Frax Finance has several established investors and backers, including Dragonfly Capital, ParaFi Capital, Mechanism Capital, Crypto.com Capital, Electric Capital, Synthetix, and more.
Earning yield with Frax Finance involves several strategies, such as supplying liquidity to Curve’s FRAX-3CRV pool. This process allows you to earn through a combination of Curve, Stake DAO, and Frax staking, potentially yielding a 40% APR.
The system utilizes "Algorithmic Market Operations Controllers (AMOs)" to manage monetary policy more flexibly, moving beyond traditional collateralized mints.
To stake FXS on Frax Finance, you can typically follow these bullet points:
1. Visit the Frax Finance Platform: Navigate to the official Frax Finance website.

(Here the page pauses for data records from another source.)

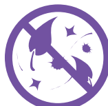
Eliminates volatile organic compounds (VOCs)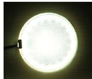
Figure 3 - Hockey Puck

With the manufacturing plant located in Markham, Ontario, Fawoo Canada provides customers with fast delivery of any customized size panel, local customer support, and our standard 2 years product warranty.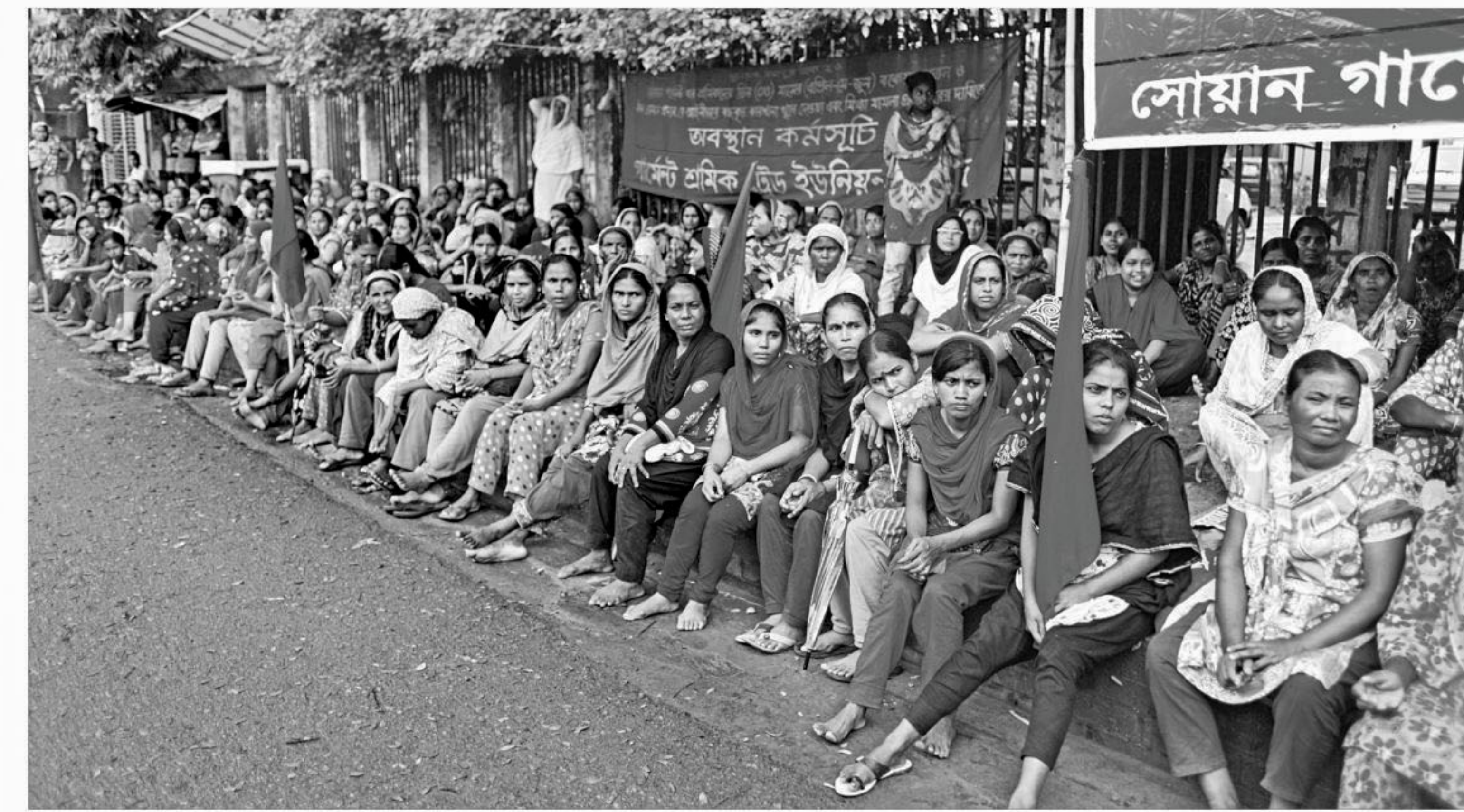
Workers of Swan Garments, which was closed unannounced in April leaving its 1,300 workers jobless all of a sudden, continue their sit-in in front of the capital's Jatiya Press Club yesterday, demanding arrears, Eid bonuses and reopening of the factory.

Drivers of CNG-run three-wheelers in Postogola Bridge area of the capital yesterday suspended their operation over the bridge protesting a hike of the toll. The strike caused sufferings to thousands of commuters, many having to walk more than 1km. The protesters shouted slogans against the hike, from Tk 10 earlier to Tk 25 now, gathering in the bridge area. The new toll chart was put into effect yesterday afternoon. Some protesters said they would launch a movement today. Aftab Ahmed, additional chief engineer of Roads and Highways Department (RHD), which is charging the toll, said the new toll rates were fixed by the cabinet. According to the new chart, trailers which did not have to pay any toll earlier has to give Tk 750 now, heavy trucks Tk 240, medium trucks 225, big buses Tk 35, and mini-trucks Tk 170. Earlier, all these trucks and buses were charged Tk 30. The new toll amount was raised from Tk 20 to Tk 25 for minibus, from Tk 20 to Tk 75 for microbus, and from Tk 10 to Tk 25 for all motorised three- and four-wheelers. The new chart also fixed Tk 15 for motorcycle and Tk 10 for rickshaw, van and pushcart. None of these vehicles had to pay tolls earlier.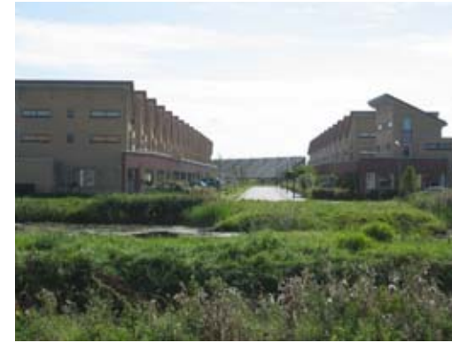
residential street at the park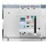
T804AE3200 Draw-out version air circuit breaker 4P ...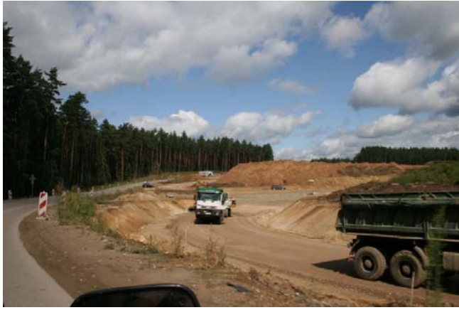
Białystok-Katrynka section of road no. 8 - under upgrading. Picture taken inside the Natura 2000 site, showing construction of the "Sochonie" road junction.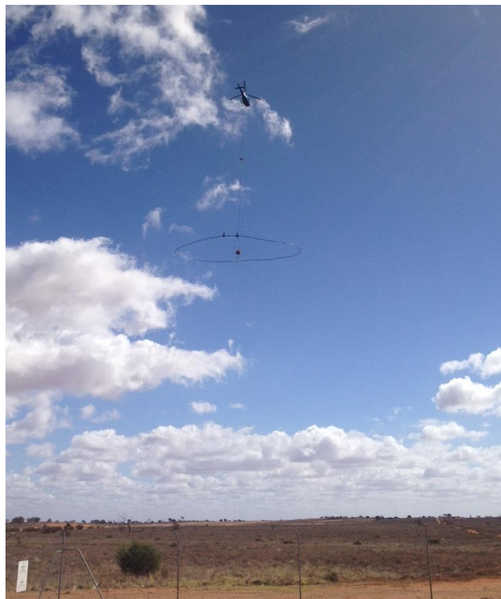
Scout line preparation at Port Augusta airfield - systems check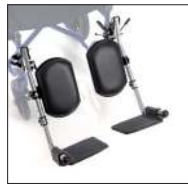
Cod. CPA120C Cod. CPA122C (only for 38 size) Chrome-plated elevating footrests -PAIR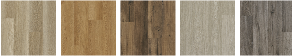
Naturally Tan EKPT60L01E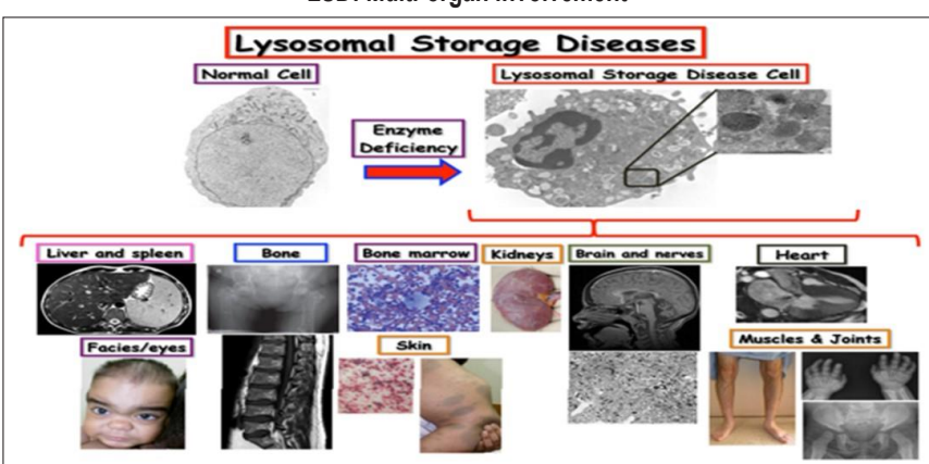
LSD: Multi-organ involvement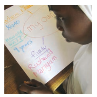
Who is in my family? What are their names? How old are they?

2. Connect Your Wallet: Use a compatible wallet such as MetaMask.
3. Find the Staking Section: Look for a staking or farming option on the menu.
4. Choose FXS for Staking: Select FXS if there are multiple options.
5. Decide on Amount and Period: Enter how much FXS you want to stake, and if applicable, choose a lock-up period for potentially higher rewards.
6. Confirm and Stake: Finalize your staking transaction through your wallet.